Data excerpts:
--------------------
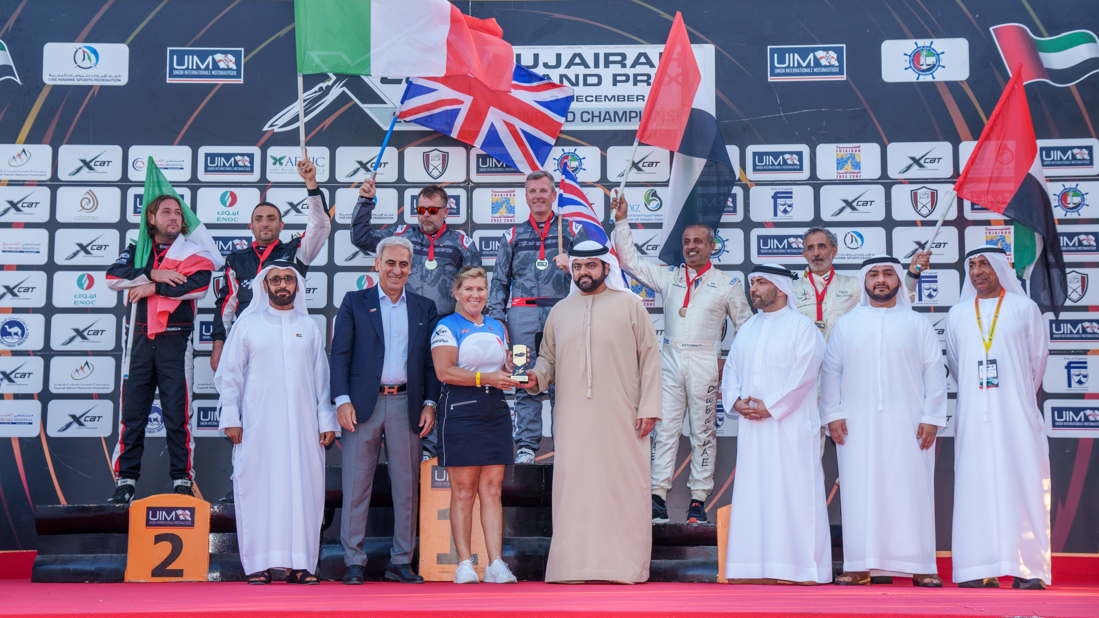 حضر التتويج الدكتور رافيل كيولي رئيس الاتحاد الدولي للرياضات البحرية، وأحمد إبراهيم المدير التنفيذي لنادي الفجيرة الدولي للرياضات البحري رئيس اللجنة المنظمة، ومحمد عبدالله حارب المدير التنفيذي لنادي دبي البحري.
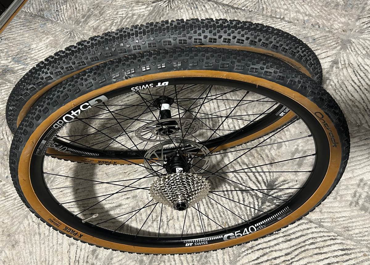 Wrzuciłem koła na centrownicę i zrobiłem, co należy, poczem wyposażyłem w resztę akcesoriów, no i gotowe do wbicia w gravel (jak skończy się aktualna epoka lodowcowa). Składniki: Z Bike-discount: - piasty DT Swiss 350 (okazało się, że oni mają je najtaniej, ale generalnie poza PL wszędzie było taniej, tylko u nas wyrąbali ceny w kosmos) - obręcze DT Swiss G540db (od tego się zaczęło, obręcz po 14 eurosów była, no żal nie kupić) Z Alledrogo: - szprychy CN Spoke 2 mm (miały być okrągłe J-bendy i czarne) - nyple Sapim 12 mm stalowe (to też eksperyment, lżejsze od mosiądzu, trwalsze od alu) - kaseta Shimano CS-HG700 11-rzędowa 11-34 (akurat najtaniej było na Allegro) - dętki Schwalbe SV17 28/47-622 60 mm (przegiąłem z długością wentyla, to fakt) Z Alitanio: - tarcze Zrace CL (wziąłem co po torach leciało, byle miało zakrętkę do CL, nawiasem mówiąc ta zakrętka taka plastikawa) - opaski na obręcze Pinmoap (szukałem czegoś szerszego niż 15 mm) - opony Ontrack X-Pack 622x45 (a byłem ciekawy no i chciałem coś z brązem, bo kobiety lubią brąz Zakupy na Ali to taki eksperyment procesowy, a nuż to okaże się dobre? Jak będzie niedobre, nie stracę wiele. -
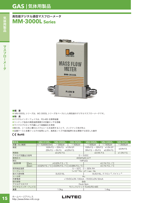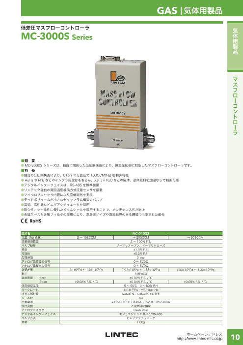 MC-3000L シリーズは、±1.0%S.P. 保証を実現した高性能のデジタルマスフローコントローラです。 ◆±1.0%S.P. 保証を実現。 ◆デジタルインターフェイスは、RS-485 を標準装備。 ◆リンテック独自の周囲温度補償方式流量セ...
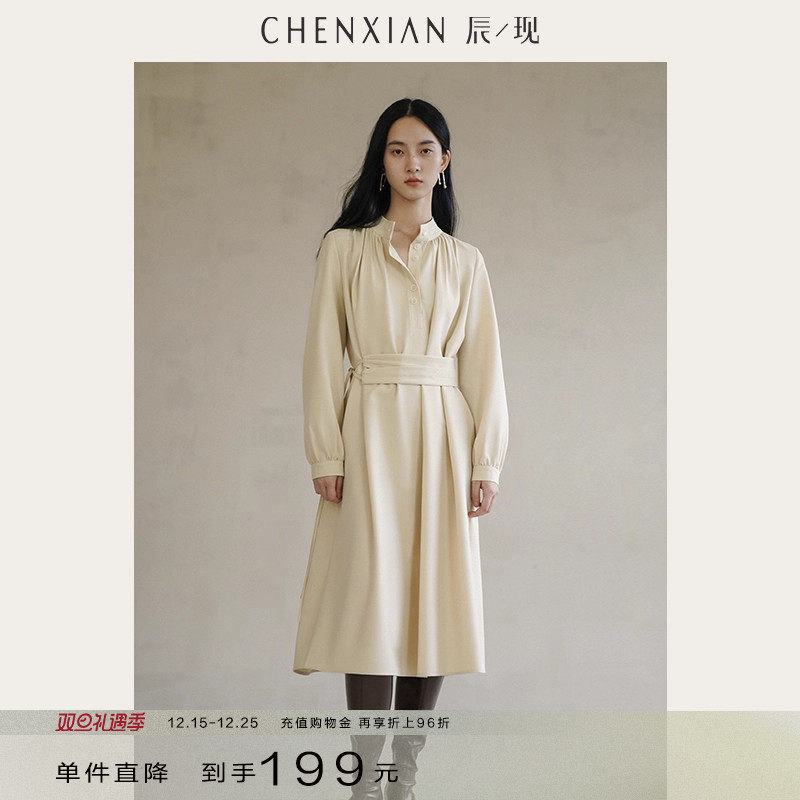 tanni新款通勤百搭日常复古立领X版收腰连衣裙TM31DR041B
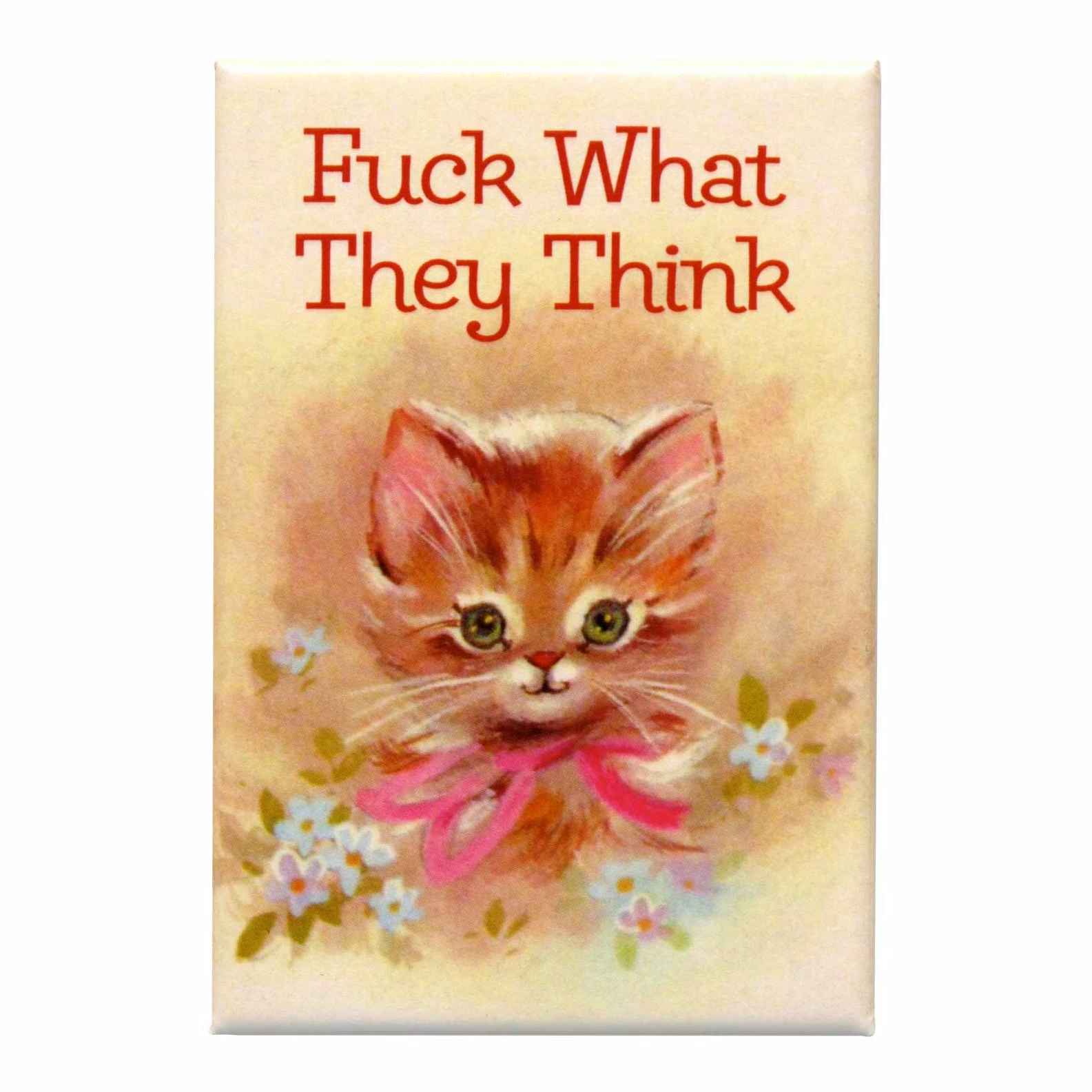 Psst. Hey. Fuck what they think. This sweet magnet has the perfect little motivational quote to get you through your day plus a cute vintage kitty image as an added bonus!
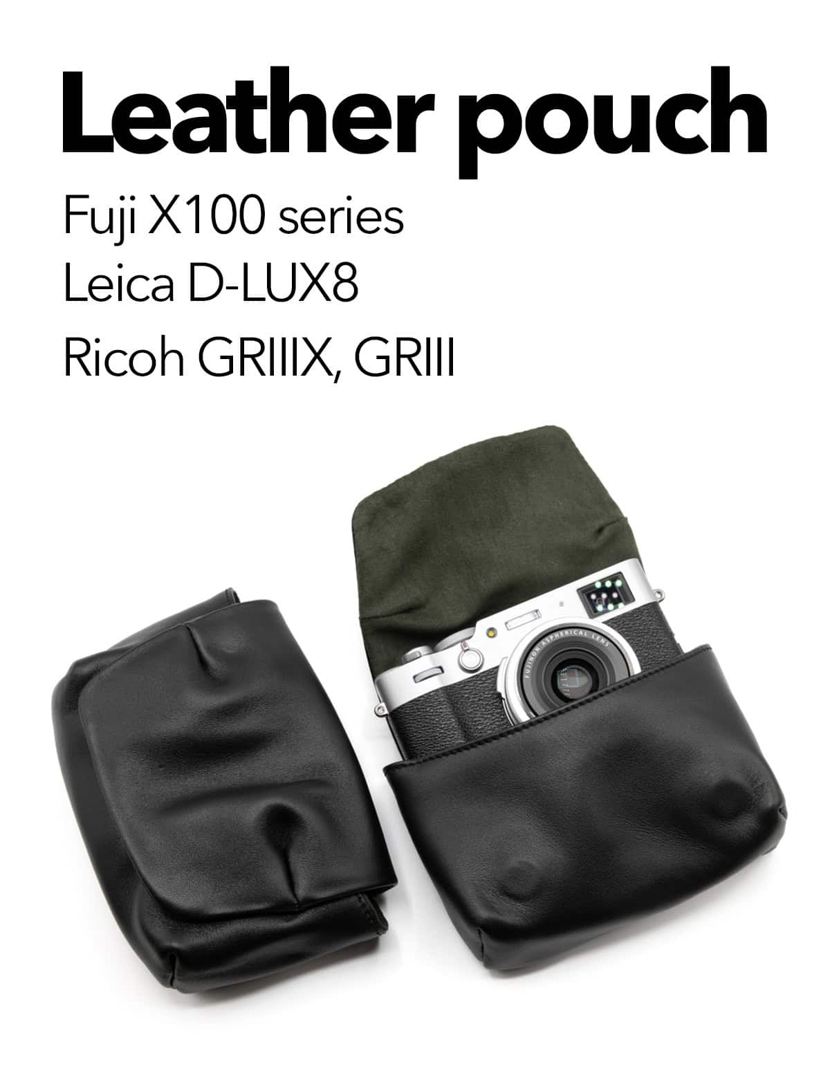 Pouch หนังแท้ จาก MeKee เหมาะสำหรับกล้อง Fuji X100 series, Fuji X-Half, Leica D-LUX8 ที่ไม่ใส่อุปกรณ์เสริม หรือ Ricoh GRIV/GRIIIX/GRIII ติดกริปหรือที่พักนิ้ว หรือ Leica Minilux เป็นซองหนังกล้องน้ำหนักเบาที่เหมาะสำหรับใช้เดินทางในวันเบาๆ ไม่ต้องแบกกระเป๋ากล้องที่มีน้ำหนักมาก ใส่ในกระเป๋าทั่วๆไปได้เลย ป้องกันรอยขูดขีด
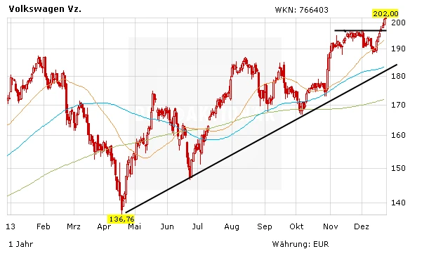 Die VW-Aktie klettert weiter. Kurz vor dem Jahreswechsel hat das Papier sogar den Sprung über die psychologisch wichtige Marke von 200 Euro geschafft.
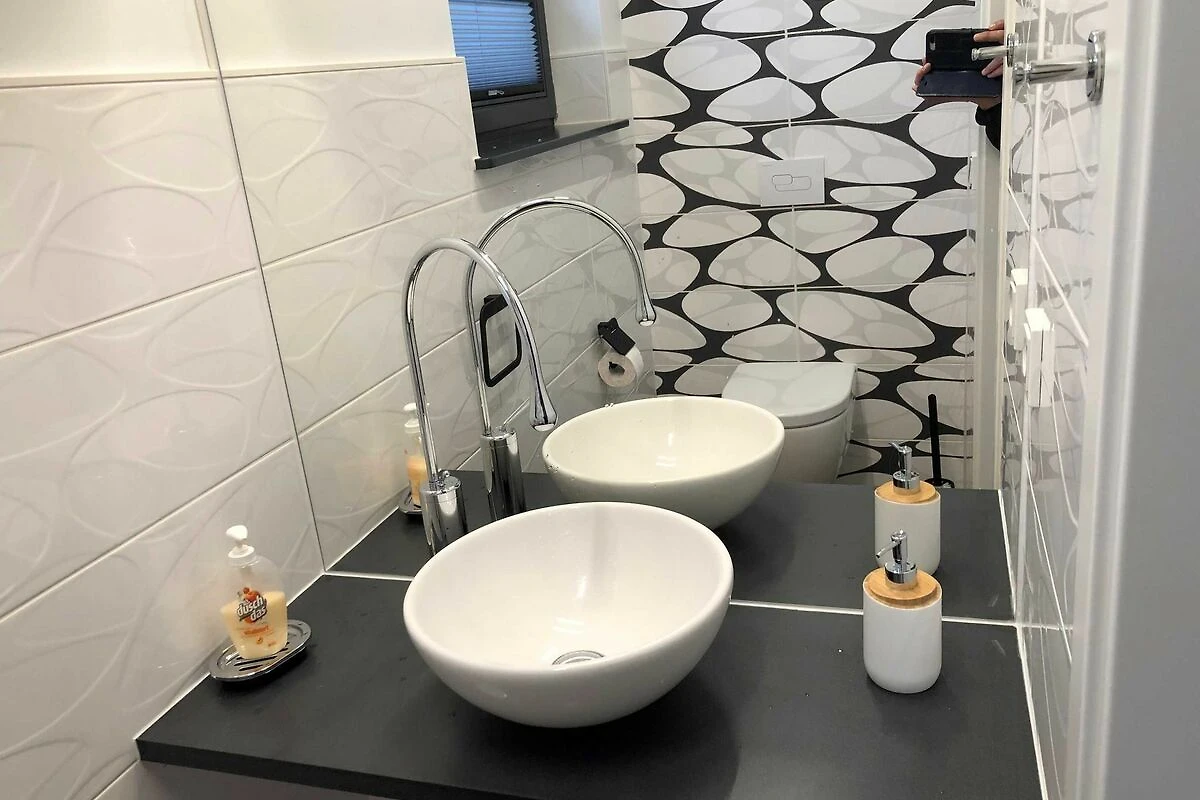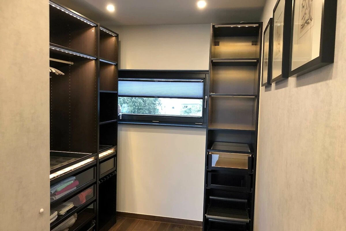 Im Erdgeschoss befinden sich ein Flurbereich mit grossen Garderobenschränken sowie ein Gäste Bad mit WC, Dusche, Waschplatz und Waschmaschine.
--------------------
Copy out all the data exactly, skipping the pictures.

Result of the task:
 حضر التتويج الدكتور رافيل كيولي رئيس الاتحاد الدولي للرياضات البحرية، وأحمد إبراهيم المدير التنفيذي لنادي الفجيرة الدولي للرياضات البحري رئيس اللجنة المنظمة، ومحمد عبدالله حارب المدير التنفيذي لنادي دبي البحري.
 Wrzuciłem koła na centrownicę i zrobiłem, co należy, poczem wyposażyłem w resztę akcesoriów, no i gotowe do wbicia w gravel (jak skończy się aktualna epoka lodowcowa). Składniki: Z Bike-discount: - piasty DT Swiss 350 (okazało się, że oni mają je najtaniej, ale generalnie poza PL wszędzie było taniej, tylko u nas wyrąbali ceny w kosmos) - obręcze DT Swiss G540db (od tego się zaczęło, obręcz po 14 eurosów była, no żal nie kupić) Z Alledrogo: - szprychy CN Spoke 2 mm (miały być okrągłe J-bendy i czarne) - nyple Sapim 12 mm stalowe (to też eksperyment, lżejsze od mosiądzu, trwalsze od alu) - kaseta Shimano CS-HG700 11-rzędowa 11-34 (akurat najtaniej było na Allegro) - dętki Schwalbe SV17 28/47-622 60 mm (przegiąłem z długością wentyla, to fakt) Z Alitanio: - tarcze Zrace CL (wziąłem co po torach leciało, byle miało zakrętkę do CL, nawiasem mówiąc ta zakrętka taka plastikawa) - opaski na obręcze Pinmoap (szukałem czegoś szerszego niż 15 mm) - opony Ontrack X-Pack 622x45 (a byłem ciekawy no i chciałem coś z brązem, bo kobiety lubią brąz Zakupy na Ali to taki eksperyment procesowy, a nuż to okaże się dobre? Jak będzie niedobre, nie stracę wiele. -
 MC-3000L シリーズは、±1.0%S.P. 保証を実現した高性能のデジタルマスフローコントローラです。 ◆±1.0%S.P. 保証を実現。 ◆デジタルインターフェイスは、RS-485 を標準装備。 ◆リンテック独自の周囲温度補償方式流量セ...
 tanni新款通勤百搭日常复古立领X版收腰连衣裙TM31DR041B
 Psst. Hey. Fuck what they think. This sweet magnet has the perfect little motivational quote to get you through your day plus a cute vintage kitty image as an added bonus!
 Pouch หนังแท้ จาก MeKee เหมาะสำหรับกล้อง Fuji X100 series, Fuji X-Half, Leica D-LUX8 ที่ไม่ใส่อุปกรณ์เสริม หรือ Ricoh GRIV/GRIIIX/GRIII ติดกริปหรือที่พักนิ้ว หรือ Leica Minilux เป็นซองหนังกล้องน้ำหนักเบาที่เหมาะสำหรับใช้เดินทางในวันเบาๆ ไม่ต้องแบกกระเป๋ากล้องที่มีน้ำหนักมาก ใส่ในกระเป๋าทั่วๆไปได้เลย ป้องกันรอยขูดขีด
 Die VW-Aktie klettert weiter. Kurz vor dem Jahreswechsel hat das Papier sogar den Sprung über die psychologisch wichtige Marke von 200 Euro geschafft.
 Im Erdgeschoss befinden sich ein Flurbereich mit grossen Garderobenschränken sowie ein Gäste Bad mit WC, Dusche, Waschplatz und Waschmaschine.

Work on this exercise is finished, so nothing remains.